## EXERCISE INSTRUCTIONS
Only the lines below between the one holding "Donate to Democrats" and the one holding "British Newspaper Archive.", inclusive, are to be reproduced word for word; the pictures are to be left out.
-- MATERIAL SHOWN follows --
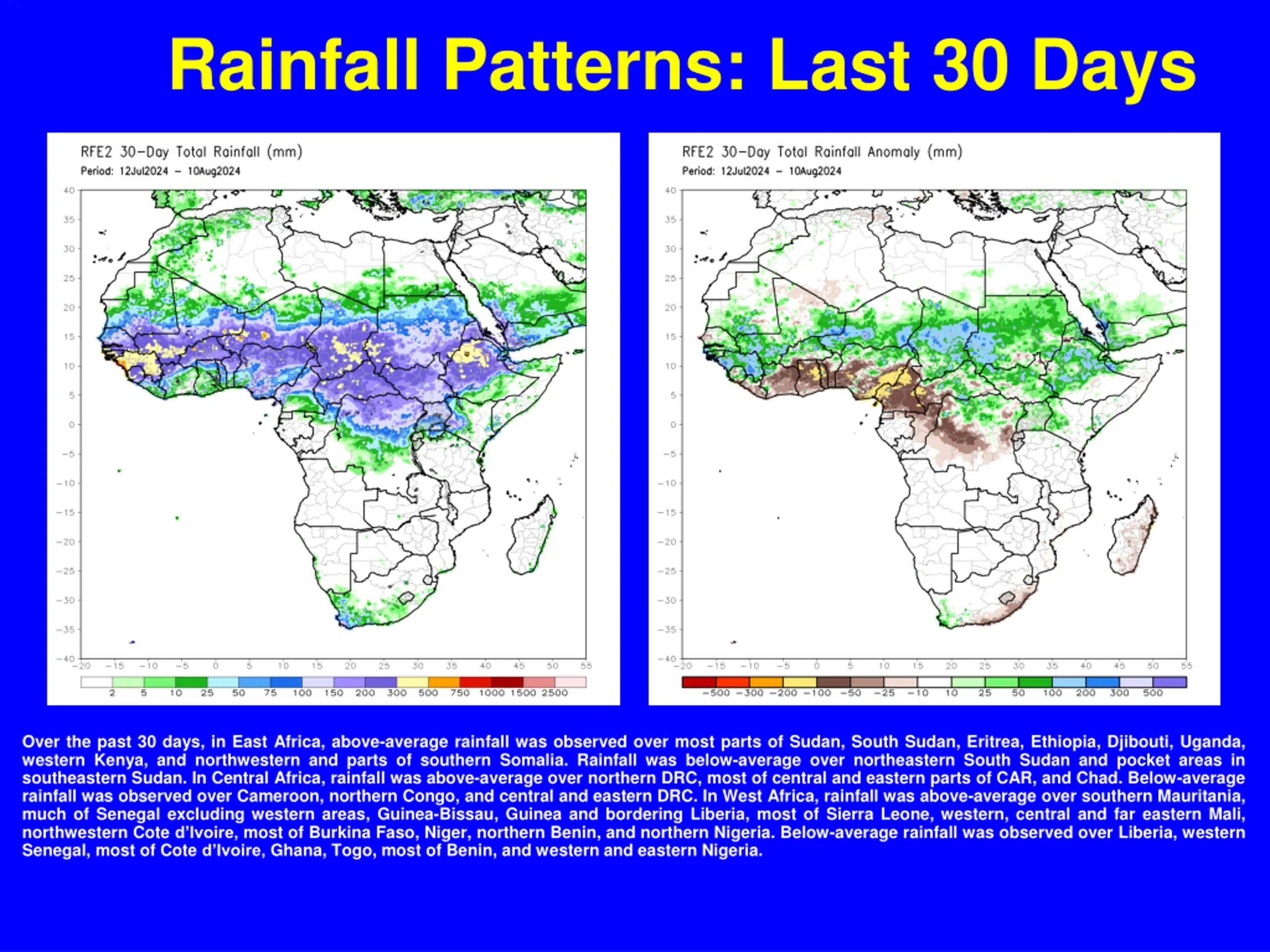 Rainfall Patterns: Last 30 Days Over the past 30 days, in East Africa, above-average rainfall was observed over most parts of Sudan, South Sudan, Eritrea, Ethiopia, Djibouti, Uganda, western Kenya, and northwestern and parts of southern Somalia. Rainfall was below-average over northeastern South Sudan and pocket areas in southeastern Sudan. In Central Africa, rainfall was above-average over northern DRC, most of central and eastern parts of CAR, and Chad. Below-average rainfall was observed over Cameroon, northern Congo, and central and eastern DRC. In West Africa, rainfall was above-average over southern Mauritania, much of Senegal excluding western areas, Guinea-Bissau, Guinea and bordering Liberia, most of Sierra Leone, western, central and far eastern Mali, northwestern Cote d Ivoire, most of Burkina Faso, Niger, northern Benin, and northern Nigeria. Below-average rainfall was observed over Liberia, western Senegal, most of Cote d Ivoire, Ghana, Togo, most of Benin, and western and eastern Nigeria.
-- MATERIAL SHOWN concluded --
-- MATERIAL SHOWN follows --
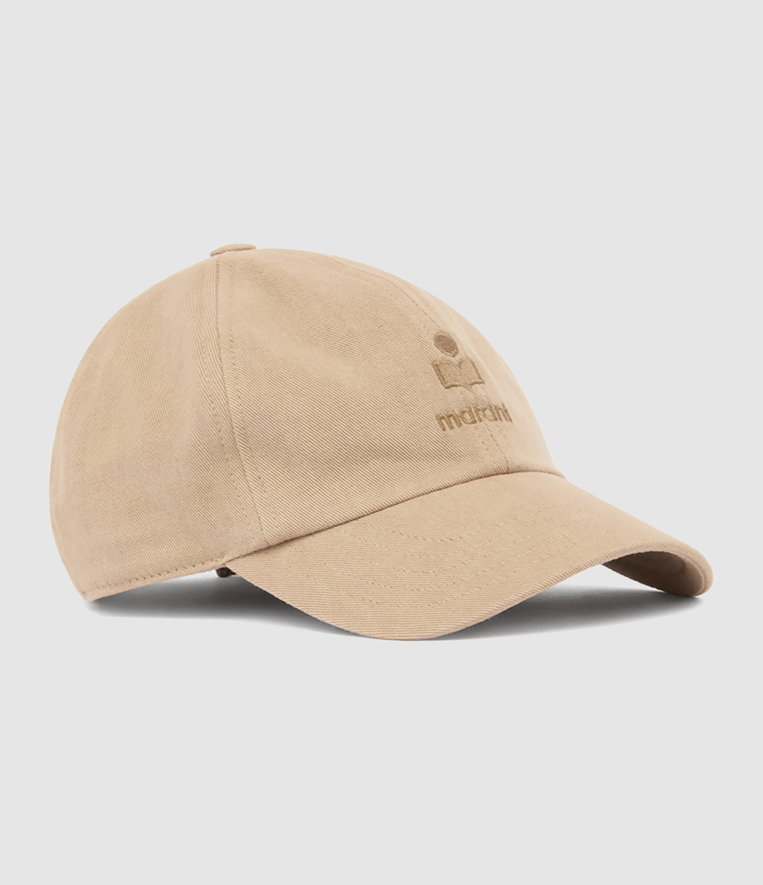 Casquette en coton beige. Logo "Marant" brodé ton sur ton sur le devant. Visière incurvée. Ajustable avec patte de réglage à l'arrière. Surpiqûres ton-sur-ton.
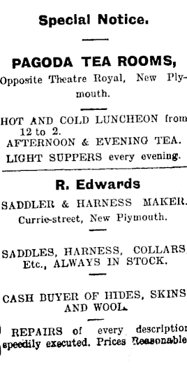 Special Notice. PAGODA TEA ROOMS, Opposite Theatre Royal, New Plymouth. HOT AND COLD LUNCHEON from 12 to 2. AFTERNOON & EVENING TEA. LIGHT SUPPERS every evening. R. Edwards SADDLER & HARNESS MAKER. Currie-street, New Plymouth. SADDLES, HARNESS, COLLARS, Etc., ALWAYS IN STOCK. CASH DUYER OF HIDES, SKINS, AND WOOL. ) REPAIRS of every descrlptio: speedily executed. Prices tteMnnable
-- MATERIAL SHOWN concluded --
-- MATERIAL SHOWN follows --
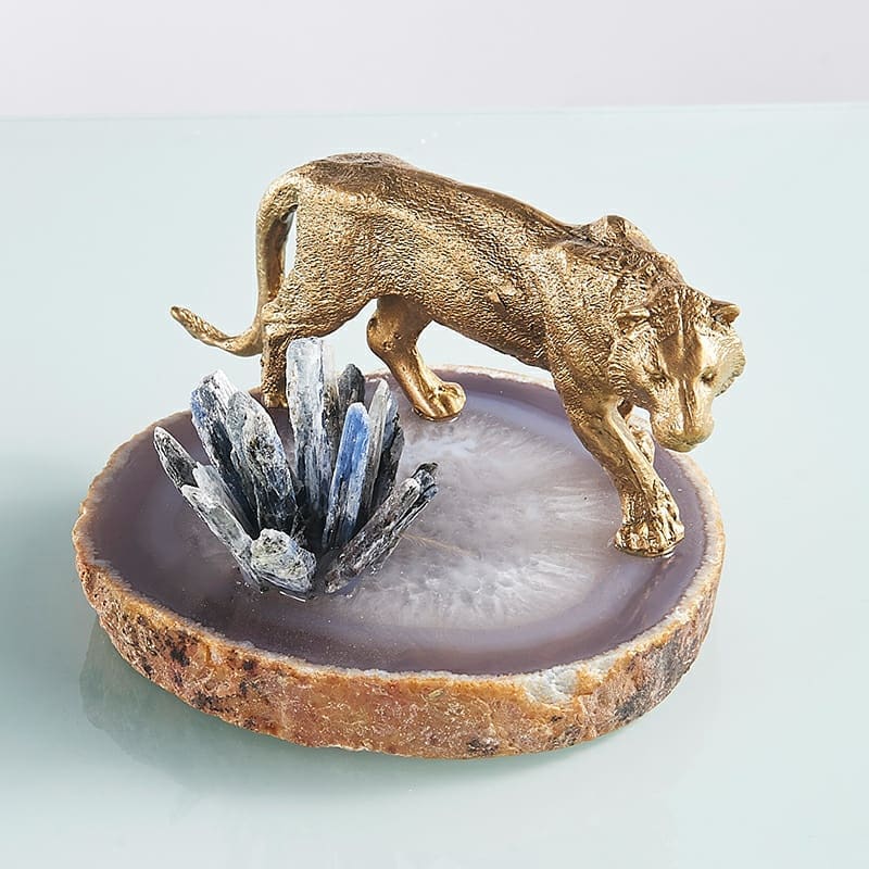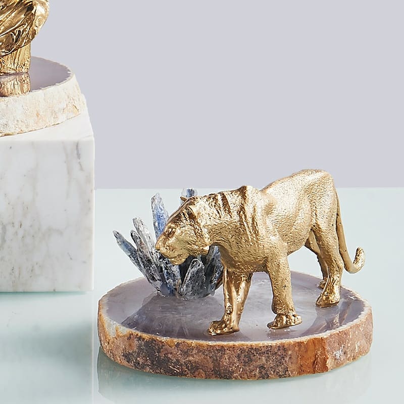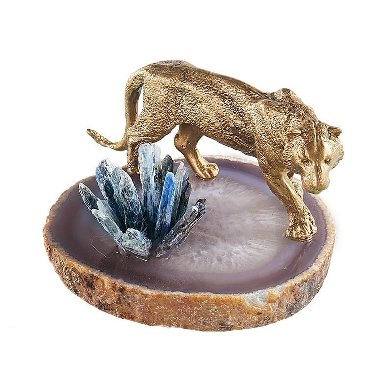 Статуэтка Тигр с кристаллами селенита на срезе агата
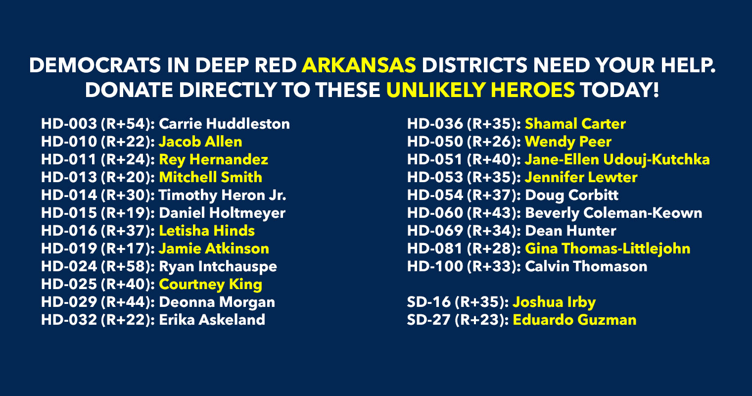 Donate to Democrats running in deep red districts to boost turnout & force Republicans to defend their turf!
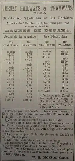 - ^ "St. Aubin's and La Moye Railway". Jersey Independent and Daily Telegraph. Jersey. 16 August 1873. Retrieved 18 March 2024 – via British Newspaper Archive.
-- MATERIAL SHOWN concluded --
## PROBLEM SOLUTION
 Donate to Democrats running in deep red districts to boost turnout & force Republicans to defend their turf!
 - ^ "St. Aubin's and La Moye Railway". Jersey Independent and Daily Telegraph. Jersey. 16 August 1873. Retrieved 18 March 2024 – via British Newspaper Archive.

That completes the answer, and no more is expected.